Благо что в квартале от нас начали стройку, так дети хоть там пропадают весь день – лишь бы родителей не видеть. Кто мог – ушёл в беспризорники. Кто терпел– попытался жить так, с родителями-алкашами. Кто нашёл в себе смелость – ушёл туда, в мир иной. Вот им-то и завидовали больше всего мы, дети алкашей. Иной мир представлялся нам некой огромной пустыней, где нет никого, кроме Бога и нас. А главное – нет беспробудного пьянства, несусветной грязи и никогда не проходящих вшей. Так и мы и жили, уповая на чудо, посланное нам свыше от Бога. Перед сном мы все просили смерти.
Мне сейчас семнадцать. Правда, кажется, что я уже давно семидесятилетний старик. Годы затаённой обиды, злобы, ненависти сделали из меня страшного человека, который не боится уже ничего – ни смерти, ни войны, ни боли. Я рано повзрослел, лет в шесть-семь.

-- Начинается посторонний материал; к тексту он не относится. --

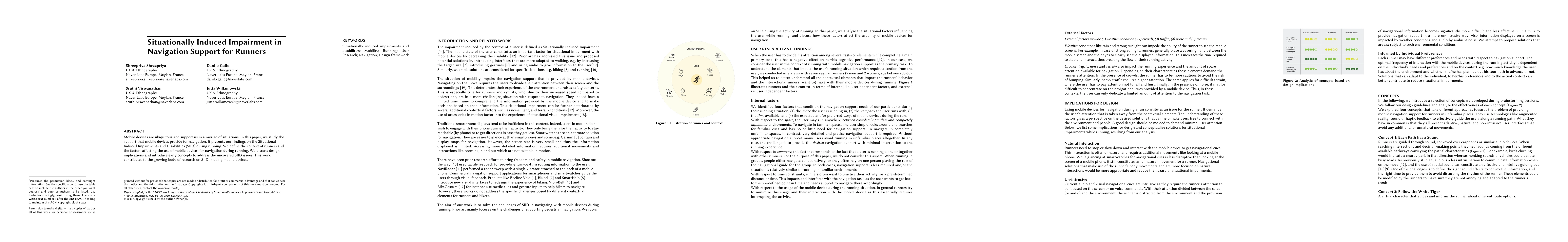 Mobile devices are ubiquitous and support us in a myriad of situations. In this paper, we study the support that mobile devices provide for navigation. It presents our findings on the Situational Induced Impairments and Disabilities (SIID) during running. We define the context of runners and the factors affecting the use of mobile devices for navigation during running. We discuss design implications and introduce early concepts to address the uncovered SIID issues. This work contributes to the growing body of research on SIID in using mobile devices.

Другие дети в это время собирались пойти в школу, радовались Дню Знаний, мечтали о новых друзьях. Мне было не до этого. Маленькая сестрёнка трёх лет на руках, родители-алкаши и дворовый пёс Тузик – это всё, что у меня было. Сестрёнку и пса надо было кормить. Я стал по рынкам побираться, в переходе песни пел. Рублей двадцать за день подавали – это было настоящее счастье. Тогда мы шли в магазин и покупали хлеб, а остальное откладывали, чтобы в воскресенье купить 200 грамм варёной колбасы. Катька (сестра моя) полбуханки съедала, кусманчик мы псу давали, а остальное – мне. Главное было съесть побыстрее, где-нибудь в переулочке, чтобы родители не нашли и не отобрали.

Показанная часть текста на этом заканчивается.